Перед ними в низине лежит родной город, и каждый в этот момент думает: как же теперь сложится его жизнь? Они еще не знают, как будут жить дальше, но уверены, что не только у них лично, но и в жизни всего польского народа наступает очень важный переломный момент. Развитие событий покажет, как сложится жизненный путь этих людей, и через их судьбы писатель расскажет и о важном этапе истории польского народа, с которого началось строительство качественно нового общественного строя в Польше.
Книга Тадеуша Голуя «Дерево дает плоды» не документальное Произведение. Но писатель был очевидцем и участником описываемых им событий новейшей истории Польши, поэтому в его романе много характерного и типичного для судеб целого поколения поляков, многое перекликается с тем, что испытал и пережил сам автор.

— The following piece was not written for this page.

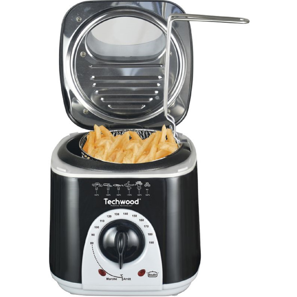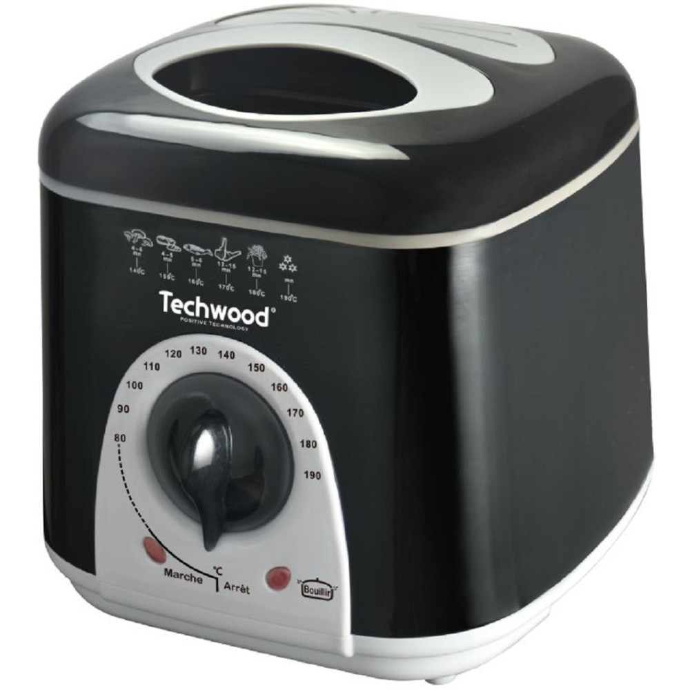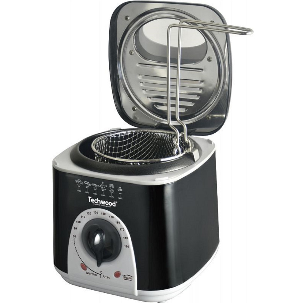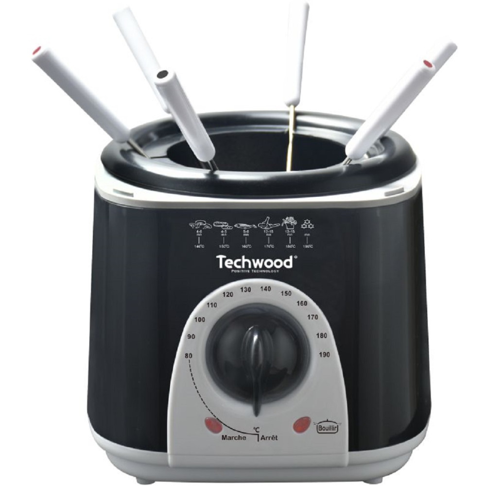 Appareil à fondue 2 en 1 Techwood coloris noir - Peut être utilisé comme appareil à fondue et comme friteuse - Equipé d'un couvercle détachable - Livré avec un panier à friture-poignée détachable et 6 pics à fondue - Dispose d'un bac à huile de capacité 1 litre - Thermostat réglable de 80° à 190°C - 2 témoins lumineux intégrés: témoin lumineux de chauffe et témoin lumineux de mise en forme - Protection thermique par fusible intégrée - Alimentation 220-240V/50-60Hz - Puissance de l'appareil 950watts - Poids 1,416kg et dimensions 22x19,5x20,5 cm.

1936 год… Молодым человеком (он родился в 1916 году) Голуй принимает активное участие в революционном студенческом издании «Пылающие тропинки». Много времени он посвящает изучению права, выступает с первыми литературными опытами, мечтает о большой литературе. Уже в тот период Голу я интересует история, он стремится разобраться в ее закономерностях и сложных поворотах. Имея поэтические склонности, как рассказывает сам писатель, он задумал написать два исторических романа в стихах. Но тогда не суждено было осуществиться замыслам начинающего литератора. К исторической тематике он снова обратился уже после войны, когда полностью посвятил себя прозе.
I
Город был внизу. Если бы Дына не чавкал так громко, а обе женщины не визжали, я наверняка услышал бы какой‑нибудь звук оттуда, благовест, звонки трамваев, кто его знает, во всяком случае, нечто удостоверяющее, что зеленые шлемы башен, пальцы печных труб, ржавое кружево крыш — расплывчатые, словно смазанные дымкой, — не пестрый обрывок сна. Черт побери, ведь я знал, что застану их здесь нетронутыми, прежними, что увижу с этого пригорка, но минуту назад, прежде чем выйти из дома, где мы отдыхали перед последним переходом, жуя хлеб со смальцем, я думал, что, может, там ничего нет, — нет улиц, домов, костелов, замков, курганов, а только пустая впадина, рассеченная Вислой, да туман. И тогда меня взяла досада, ибо я подумал также, что снился мне мираж, нечто никогда не существовавшее — по Крайней мере, в таком воплощении, — так почему же я задрожал от злости, увидев открывающуюся с пригорка панораму? Не знаю. Я не возвращался в какой‑либо определенный дом, на какую‑нибудь определенную улицу или хотя бы к какому‑то одному человеку, настолько близкому, что не мог бы без него жить. Нет, тут дело не в ком‑то единственном, вообще не в какой‑то группе людей, которые определяют твое лицо и без которых ты только тень. Я и это знал хорошо и все же едва не пустил слезу при виде города. Эта тварь жила без меня, как ни в чем не бывало, и продолжала жить, как будто ничего не случилось.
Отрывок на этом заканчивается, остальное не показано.